Une cour s’était déjà prononcée sur cet enjeu dans le domaine de l’assurance. 

« L’absence de toute limitation territoriale dans une clause de non-concurrence sera fatale quant à sa validité, écrit le Réseau juridique du Québec (RJQ). C’est ainsi qu’en a décidé la juge Nicole Tremblay dans la décision Aon Parizeau Inc. c. Lemieux et als le 15 juin 2016. Sur ce point, la Cour d’appel a confirmé la décision de la juge Tremblay. Il est donc essentiel en tout temps que la clause de non-concurrence contienne à sa face même, d’abord et avant toute autre analyse, les limitations ci-dessus énumérées quant à la durée, le territoire et la nature du travail visé. » 

L’importance de la limitation géographique 

La Cour suprême du Canada avait aussi confirmé les exigences contenues dans une clause de non-concurrence dans le domaine commercial, comme c’est le cas dans le dossier Katia Mussel et de son cabinet. 

Or, celles de son contrat avec iA ne contenaient aucune limitation géographique, a rappelé le juge Patrick Ouellet. 

« La jurisprudence québécoise, avait renchéri le juge, considère les clauses de non-concurrence contraires à l’ordre public lorsqu’elles sont inéquitables et ne contiennent pas de limites raisonnables quant au territoire, à la durée et au genre d’activités interdites par la clause, eu égard aux circonstances. » 

Au niveau de la portée territoriale, ajoute-t-il, il est reconnu qu’une « clause de non-concurrence qui excède le territoire des activités de l’entreprise est contraire à l’ordre public ».

« Ce seul fait est suffisant, à la lumière des autorités applicables, pour conclure à leur invalidité. Le Tribunal prononcera donc la nullité des clauses de non-concurrence contenues au contrat de service et au contrat de cession », a-t-il indiqué.

Le juge a ainsi invalidé la clause et a ordonné qu’iA verse, après cassation du contrat, un peu plus de de 103 000 $ en montants retenus à titre pénal contrat pour violation alléguée de la clause en question.

Non-concurrence et non-sollicitions 

Dans l’affaire Payette c. Guay, indique le RJQ, la Cour suprême a toutefois confirmé que les engagements de non-sollicitation de clientèle ne sont pas assujettis aux mêmes critères de validité que les clauses de non-concurrence. « Par exemple, une clause de non-sollicitation de clientèle n’aura pas à être limitée à un territoire.
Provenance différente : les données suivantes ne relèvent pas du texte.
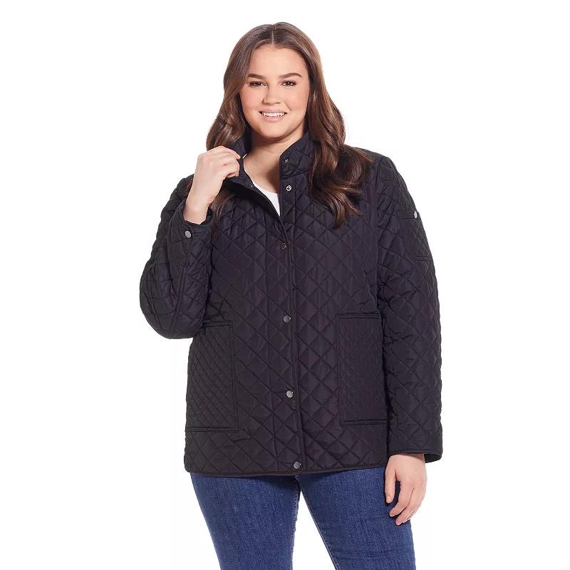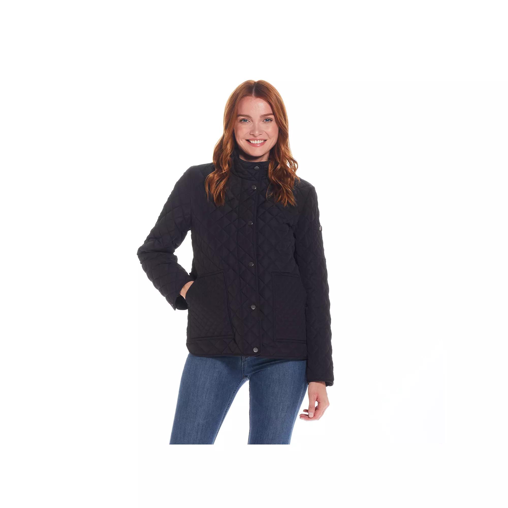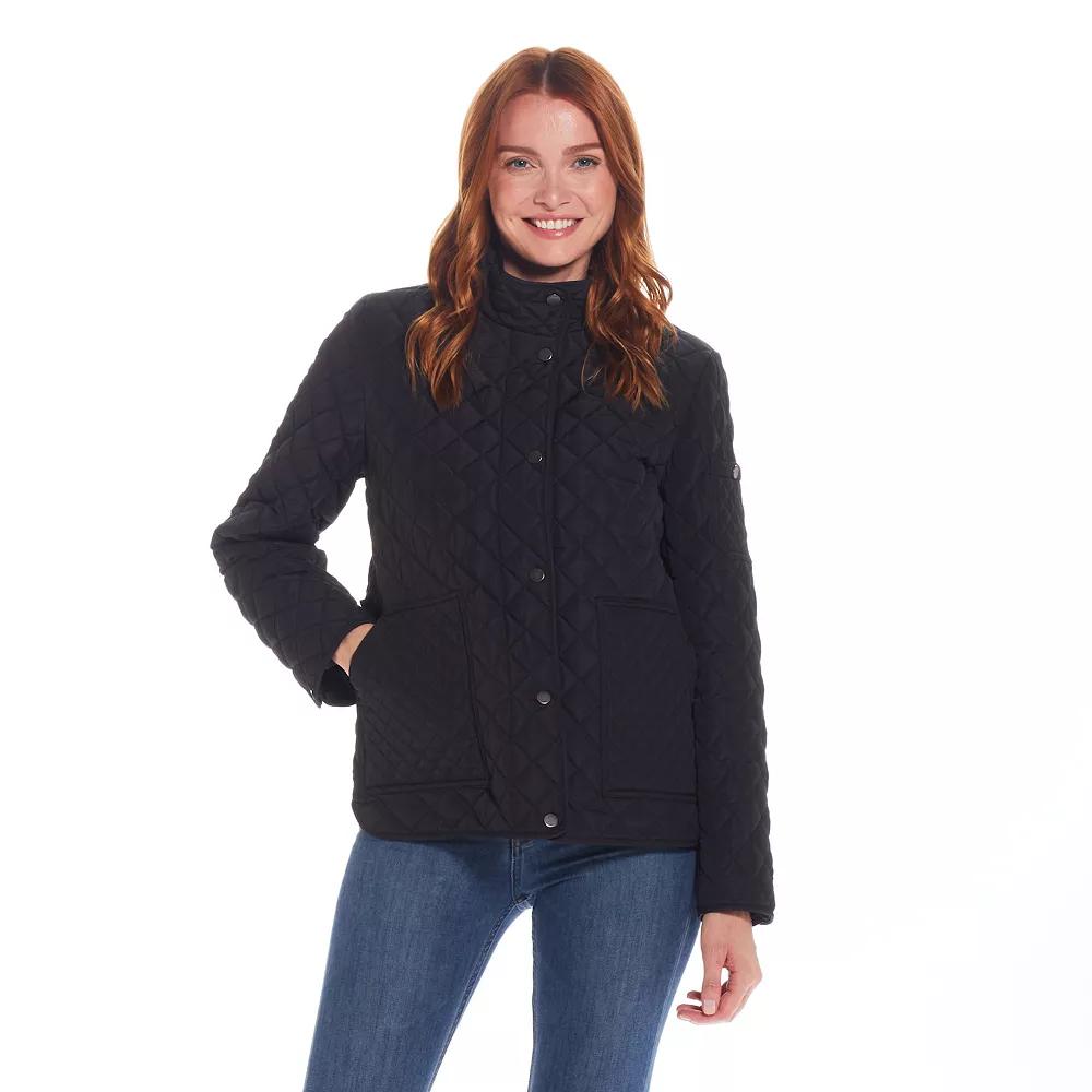 Black Diamond-Quilted Barn Jacket - Women & Plus. Banish cold weather blues with this diamond-quilted jacket crafted with patch pockets and two adjustable tab snaps. Size M: 28 long from high point of shoulder to hemWoven100% polyesterMachine wash; tumble dryImported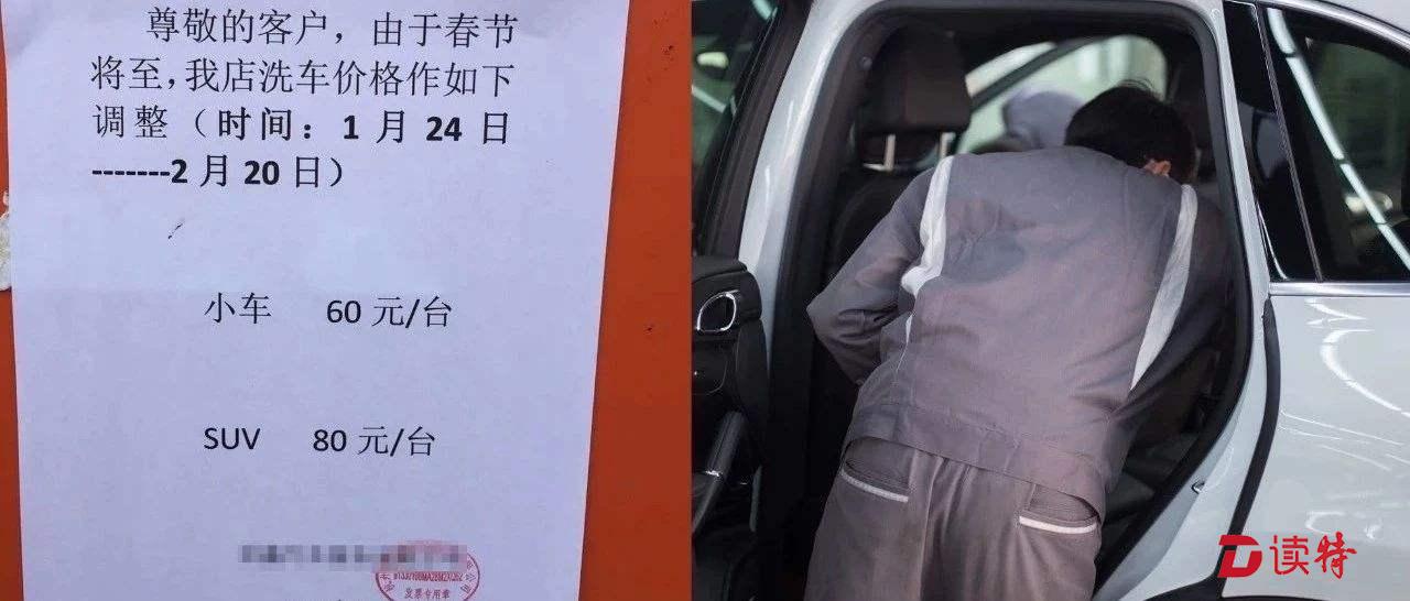 不少車主向記者表示,春節(jié)前夕洗車漲價(jià)可以理解,但如果漲幅過(guò)大,那就需要監(jiān)管部門(mén)監(jiān)管一下了。

Il sera donc important de bien distinguer la nature des clauses analysée dans un contrat d’emploi et notamment de déterminer si un engagement en est un de non-concurrence ou de non-sollicitation. Un contrat d’emploi pourra contenir ces 2 types de clauses. » 

Juger de la validité d’une clause de non-concurrence 

Comment un employé, un contractuel, un pigiste ou autre peuvent-ils juger de la validité ou de l’invalidité d’une clause de non-concurrence dans un contrat de travail ou un contrat commercial auquel ils sont soumis ? 

La solution ultime consiste à la soumettre à l’analyse d’un tribunal afin qu’il rende une décision sur sa validité, indique le cabinet Verreau Dufresne. Cet exercice s’avère toutefois coûteux et est donc rarement la première solution à privilégier. En pratique, on préférera généralement une alternative beaucoup moins coûteuse, soit l’obtention d’un avis juridique d’un avocat. 

« Ce type de contrat commercial est un peu comme un mariage. Tout semble bien fonctionner avant. On a une bonne entente. Mais le jour où le problème se présente, on réalise qu’il y a des choses qu’on aurait dû prévoir », indique Me Patrick Snider-Belley.